■ DATASET RECORDS
# # # # # # #

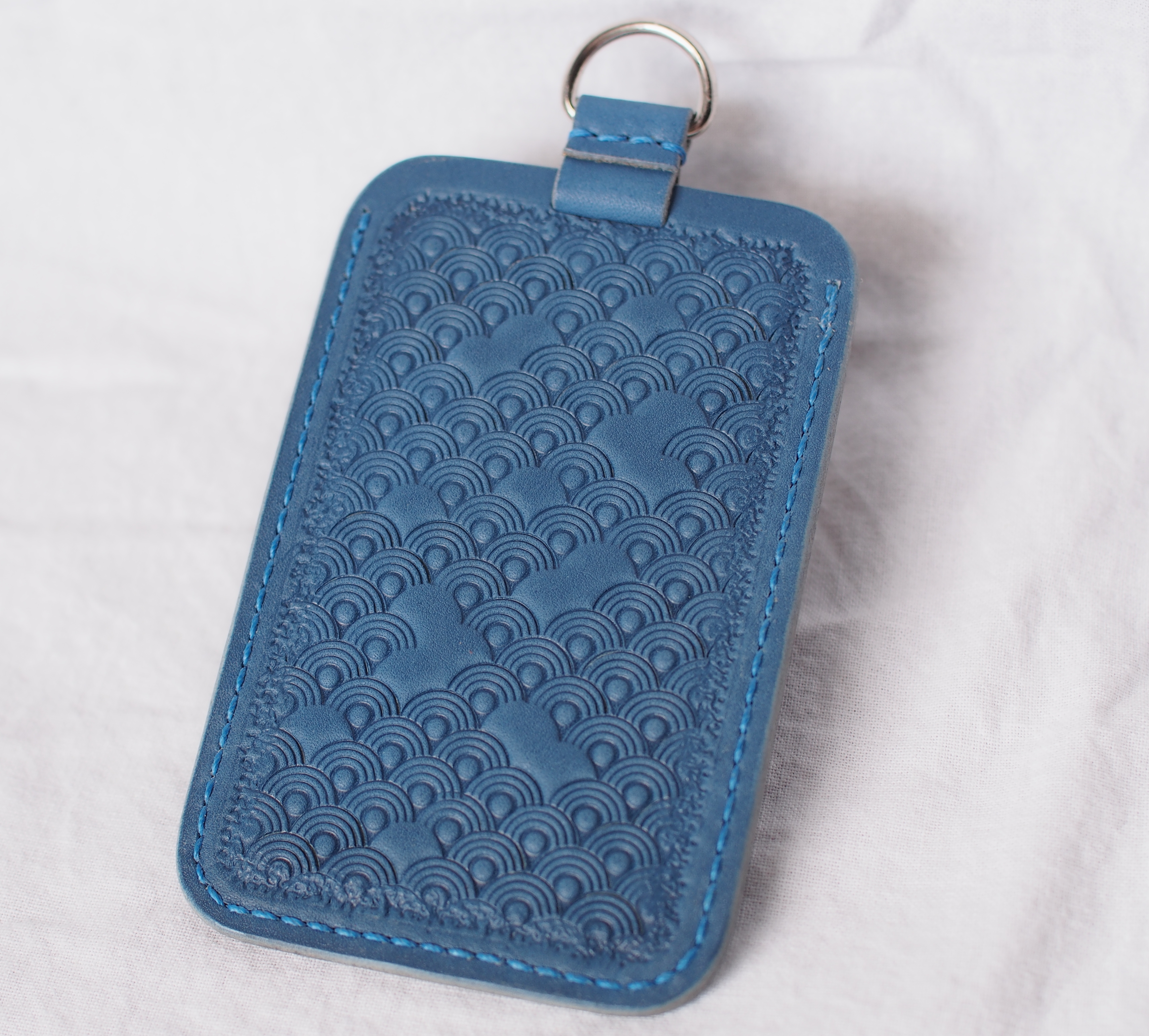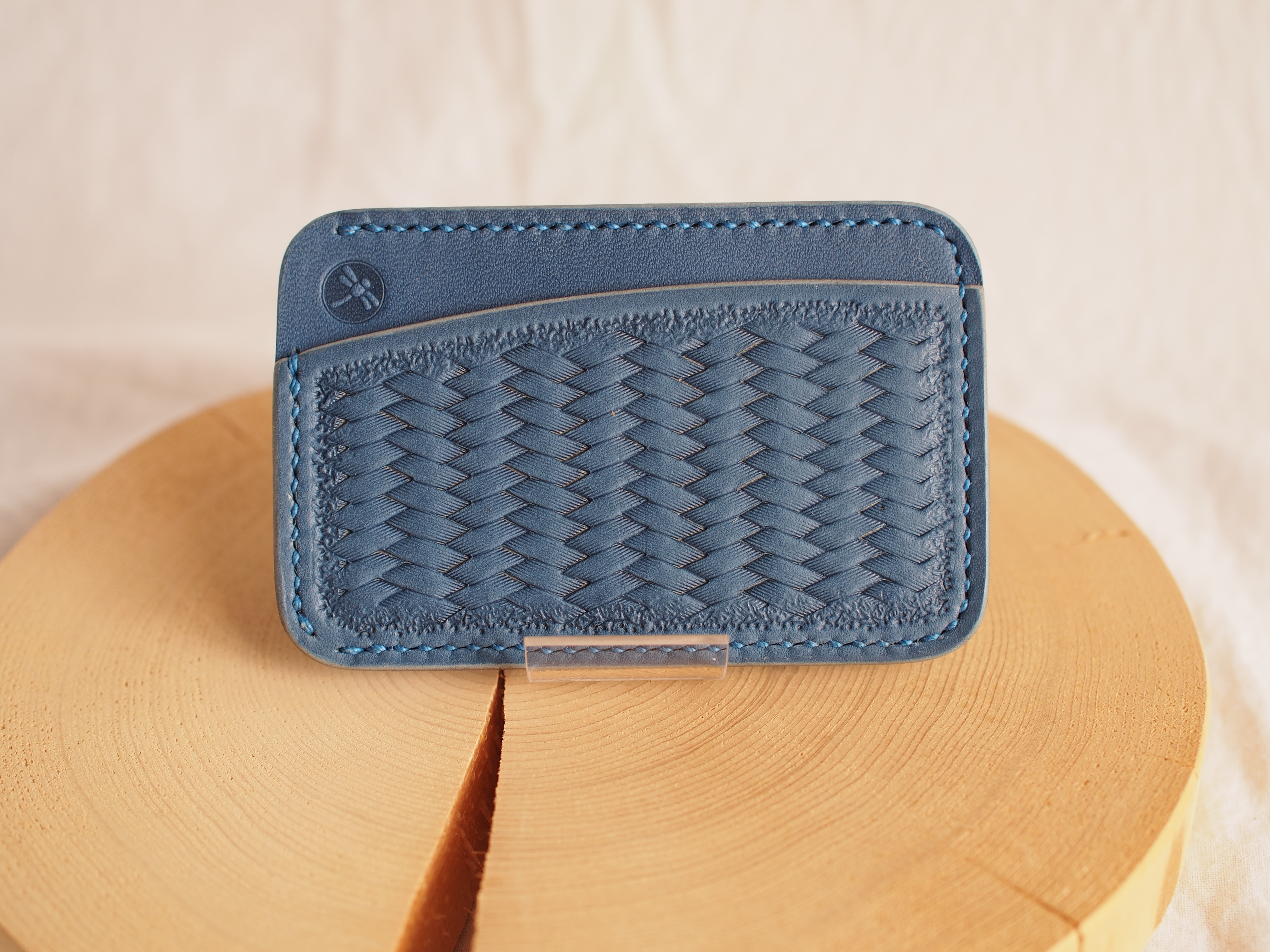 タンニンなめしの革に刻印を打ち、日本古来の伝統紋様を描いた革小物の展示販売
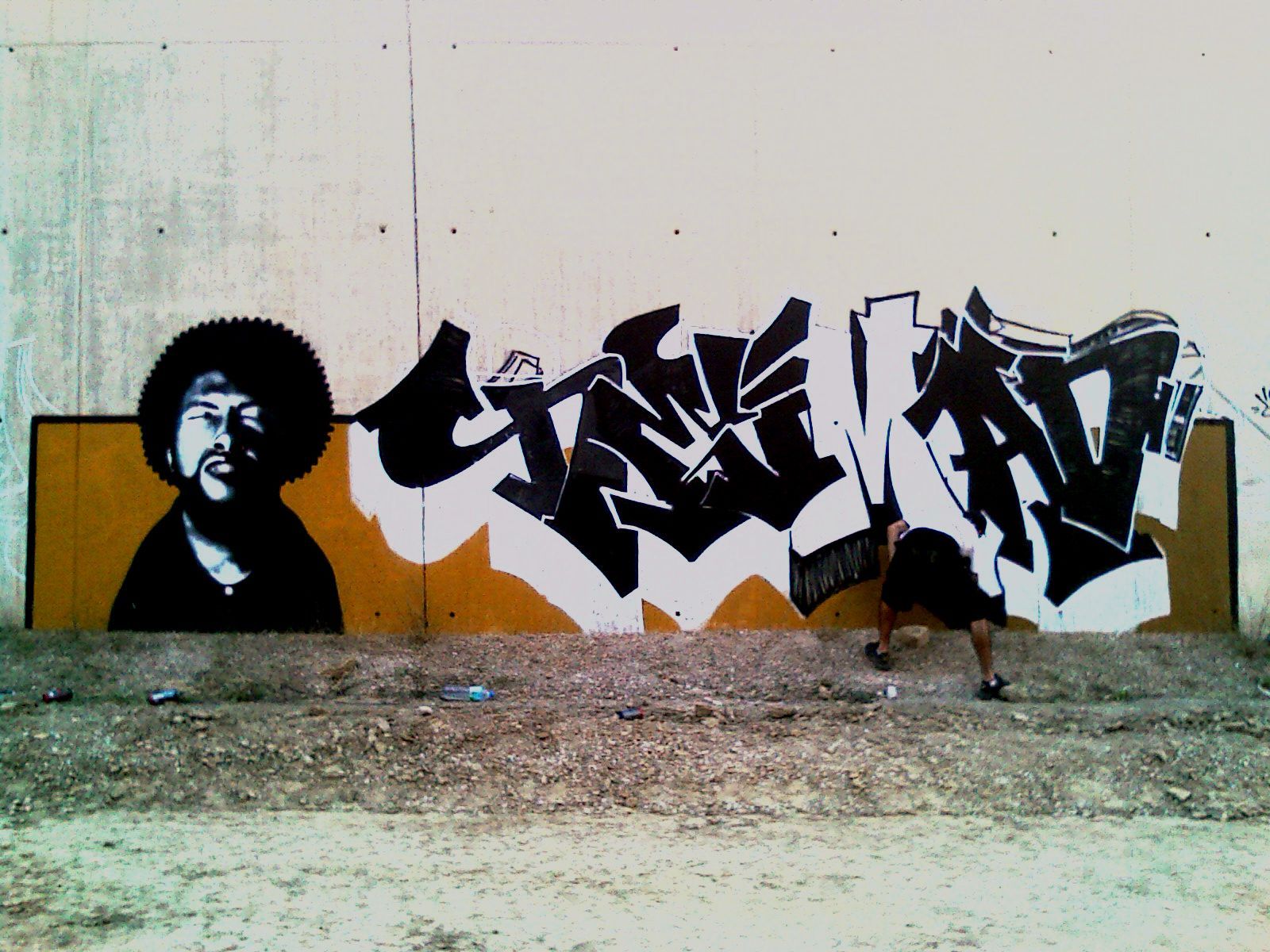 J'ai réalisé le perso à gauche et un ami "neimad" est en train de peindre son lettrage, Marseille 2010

# # # # # # #

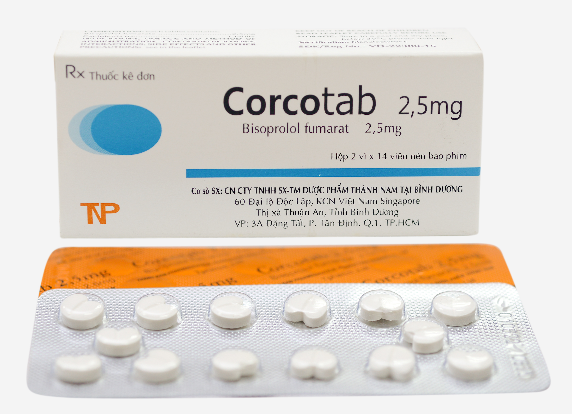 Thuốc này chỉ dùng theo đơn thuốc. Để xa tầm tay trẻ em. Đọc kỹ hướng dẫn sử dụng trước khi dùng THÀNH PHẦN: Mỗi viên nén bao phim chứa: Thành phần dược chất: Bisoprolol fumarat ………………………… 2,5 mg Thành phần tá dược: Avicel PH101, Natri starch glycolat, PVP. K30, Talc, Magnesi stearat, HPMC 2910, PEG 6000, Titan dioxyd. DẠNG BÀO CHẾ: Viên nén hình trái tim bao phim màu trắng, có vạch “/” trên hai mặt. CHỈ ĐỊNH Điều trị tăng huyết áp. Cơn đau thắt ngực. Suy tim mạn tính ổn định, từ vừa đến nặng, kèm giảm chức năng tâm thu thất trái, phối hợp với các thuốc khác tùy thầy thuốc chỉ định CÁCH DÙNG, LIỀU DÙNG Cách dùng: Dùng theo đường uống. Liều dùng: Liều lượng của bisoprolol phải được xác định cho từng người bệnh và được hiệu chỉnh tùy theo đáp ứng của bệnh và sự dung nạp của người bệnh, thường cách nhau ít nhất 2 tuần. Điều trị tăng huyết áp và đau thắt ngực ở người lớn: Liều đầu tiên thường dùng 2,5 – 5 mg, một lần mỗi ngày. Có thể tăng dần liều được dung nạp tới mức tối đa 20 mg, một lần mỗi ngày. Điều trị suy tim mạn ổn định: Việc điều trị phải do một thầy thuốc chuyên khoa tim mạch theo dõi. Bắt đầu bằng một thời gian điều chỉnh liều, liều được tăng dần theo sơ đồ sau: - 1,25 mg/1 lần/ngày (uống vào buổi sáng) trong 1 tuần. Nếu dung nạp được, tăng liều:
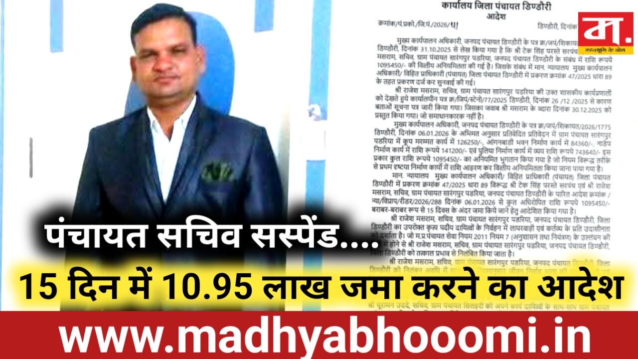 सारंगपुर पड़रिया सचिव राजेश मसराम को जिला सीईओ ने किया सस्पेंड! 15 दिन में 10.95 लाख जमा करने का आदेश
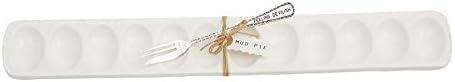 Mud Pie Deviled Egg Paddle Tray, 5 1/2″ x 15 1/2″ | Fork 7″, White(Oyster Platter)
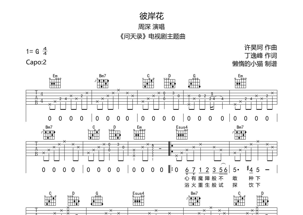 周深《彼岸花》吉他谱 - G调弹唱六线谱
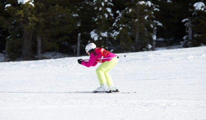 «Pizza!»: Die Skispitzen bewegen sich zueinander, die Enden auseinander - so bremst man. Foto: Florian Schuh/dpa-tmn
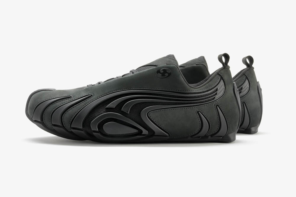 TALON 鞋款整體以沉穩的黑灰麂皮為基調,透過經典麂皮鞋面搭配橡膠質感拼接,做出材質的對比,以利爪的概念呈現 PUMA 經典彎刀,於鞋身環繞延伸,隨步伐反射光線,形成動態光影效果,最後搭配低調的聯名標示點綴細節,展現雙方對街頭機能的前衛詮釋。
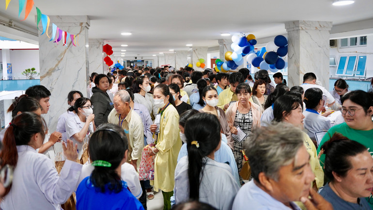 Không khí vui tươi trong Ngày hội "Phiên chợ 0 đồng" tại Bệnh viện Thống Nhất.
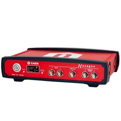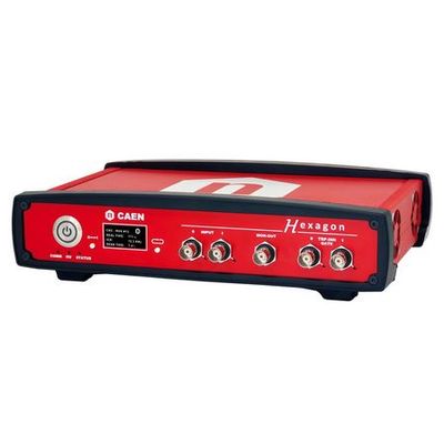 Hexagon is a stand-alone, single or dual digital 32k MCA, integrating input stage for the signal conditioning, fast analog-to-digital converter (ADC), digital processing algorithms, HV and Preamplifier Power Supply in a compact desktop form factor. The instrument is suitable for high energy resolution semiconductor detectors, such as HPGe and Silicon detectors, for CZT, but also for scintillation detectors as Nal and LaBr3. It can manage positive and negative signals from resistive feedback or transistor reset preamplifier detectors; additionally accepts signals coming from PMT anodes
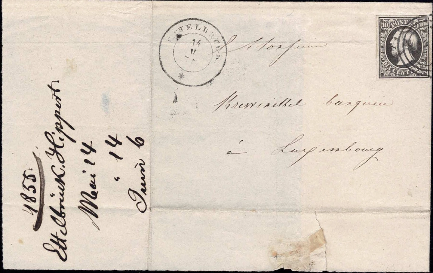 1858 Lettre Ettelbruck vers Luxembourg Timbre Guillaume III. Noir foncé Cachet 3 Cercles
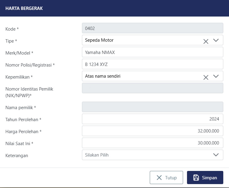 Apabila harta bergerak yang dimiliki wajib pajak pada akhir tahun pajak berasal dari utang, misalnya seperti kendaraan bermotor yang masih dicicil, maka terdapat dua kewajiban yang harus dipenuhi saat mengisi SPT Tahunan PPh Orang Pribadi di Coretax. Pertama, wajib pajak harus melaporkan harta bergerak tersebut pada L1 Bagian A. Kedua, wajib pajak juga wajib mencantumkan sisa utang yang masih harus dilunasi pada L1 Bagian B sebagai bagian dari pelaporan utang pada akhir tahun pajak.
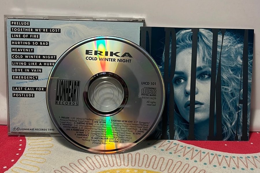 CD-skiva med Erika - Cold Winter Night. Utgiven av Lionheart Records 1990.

# # # # # # #

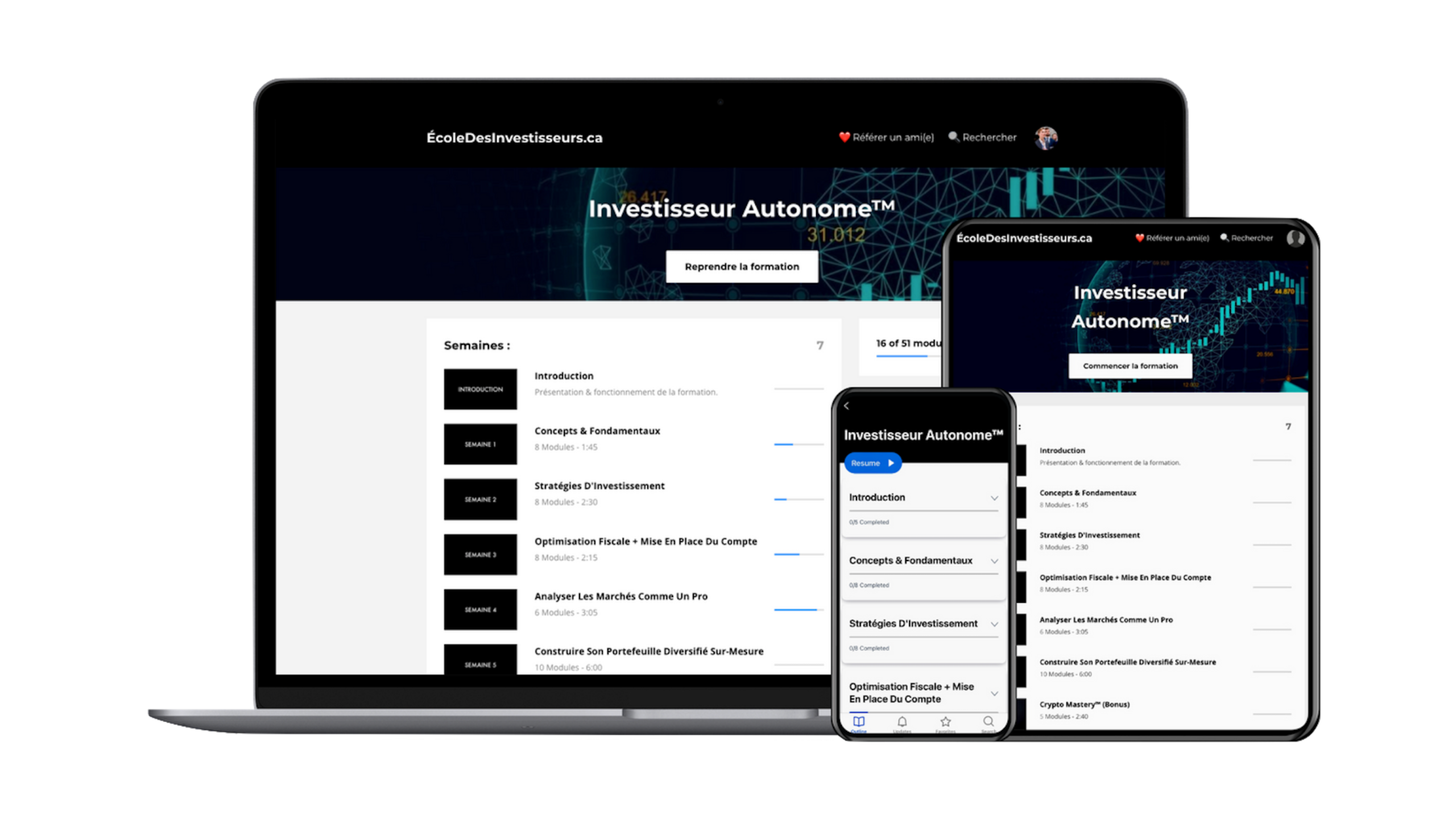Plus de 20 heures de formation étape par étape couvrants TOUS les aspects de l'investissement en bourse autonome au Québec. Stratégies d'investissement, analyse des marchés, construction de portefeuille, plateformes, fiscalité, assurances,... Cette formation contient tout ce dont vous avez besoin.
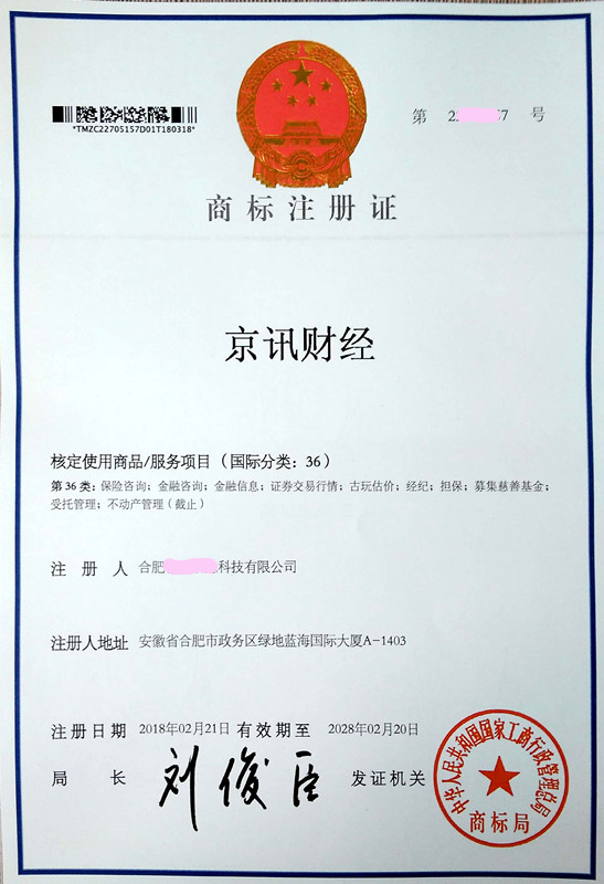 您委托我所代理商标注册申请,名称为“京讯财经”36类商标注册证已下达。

# # # # # # #

■ WHAT THE EXERCISE ASKS
I would like the exact lines from the data above, starting with the one that holds "タンニンなめしの革に刻印を打ち、日本古来の伝統紋様を描いた革小物の展示販売" and going on through the one that holds "J'ai réalisé le", without the pictures.

■ EXPECTED OUTPUT
 タンニンなめしの革に刻印を打ち、日本古来の伝統紋様を描いた革小物の展示販売
 J'ai réalisé le perso à gauche et un ami "neimad" est en train de peindre son lettrage, Marseille 2010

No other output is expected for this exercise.